If you're reading this, its because I've reached a focal point in my life. I haven't written any stories in a while. It angers and frustrates me sometimes. Years ago, I kept hearing of a place called The Memory Palace. I guess there's a book on this subject: the premise of this non-fiction book is how you can create your own memory palace. It can be whatever you want it to be, because its entirely created by you.
When I get frustrated, I'd often retreat to quiet places. I'd ditch myself in the library when times were tough at home. If I felt like getting farther away, I'd frequent my local Borders Bookstore. A few times I visited a coffee shop or two.
Yesterday was one of those days when all the rigamroe, all the complicated garbled mess of a mind came to a head.
I needed a retreat.
So, while at the library, I sat and read. Then I began to imagine a memory palace kind of idea. Not a palace, per say. More like a one man coffee shop. One in where I am the owner, founder, barista and patron all in one.
I imagined unlocking the door to this place on a cold september night. Then I turned on the lights, hung up my coat, turned on the machines and read the paper as the blenders swished the concotion which would later become my drink.

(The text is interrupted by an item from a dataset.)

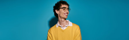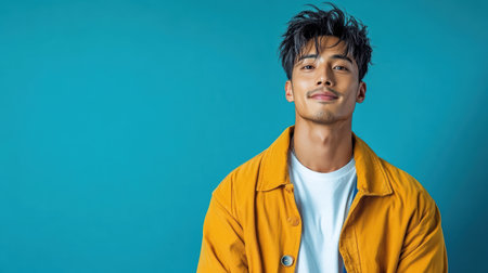 A Stylish Asian man in yellow jacket with cool demeanor against blue background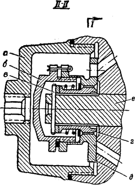 При запуске двигателя сжатый воздух поступает в полость а между колпаком и распределительным диском, а отсюда через золотниковое отверстие диска и каналы б в корпусе воздухораспределителя в трубопроводы, подсоединенные к цилиндрам.

Since I was frustrated, I relaxed. First on the outside, then on the inside.
My life has taken a few turns.
Some have been troubled times but all have been interesting and most have been real eye-opening moments. These are the moments I should be focusing on. Not all the bad stuff. And yet, we can't help it. We consume it, it consumes us. These are just thoughts, by the way.
While attending this fictional coffee shop, let's call it Rob's Brew, I began to stir my Double Venti Latte' as I picked a seat close to the wide windows displaying an empty parking lot.
A double, because I've had a shot or two in my life.
A Venti, because boy did I need to vent.
While I'm not necessarily on the verge of lamenting I am still hopeful about the future.
So I sit, sip, and burrow myself deeper into the cushion chair with the high back. It's my favorite chair. There are no other customers. There's no music playing. It's just quiet. Serene.
Yesterday, I found out that someone tried to rip me off. Thankfully the bank caught it in time but I was more than frazzled. My daily commute to work is twenty minutes and change. I was running on empty to work and empty from work. All because my card was declined. I even had to cut it up.
This is the third time that this has happened in my life. I just couldn't take it. I've also been progressing with work and trying to find ways of making multiple forms of income.
Why? you might ask.
Well, I'm going to be a father.
My wife is 9 weeks pregnant and that has propelled me into a state of compassionate fatherhood. I've been taking care of my wife non-stop and I don't mind. But I'm also thinking about our kid wriggling around inside of her. When you're faced with fatherhood, you have this overwhelming sense to provide, provide, provide.
I take another sip of what is now an iced hazelnut coffee. Two sugars, extra cream. Just the way I like it.
My head has been cramed with technical information, story ideas, finances, savings, and now preparing for the future. As an author, all I can do is write. As a husband, I hunt for more ways to provide. Working on a coupled entropenuer ideas. As a man, I'm compelled to exprese myself, talk to you guys on this here blog.
Why? Becuase I want to give you daily peeks into my head.
In the meantime, I slurp the rest of the coffee and pull up a chair. Maybe someday...you can join me...and boy...could I tell you some stories.
Relax, stay calm, don't worry, be happy.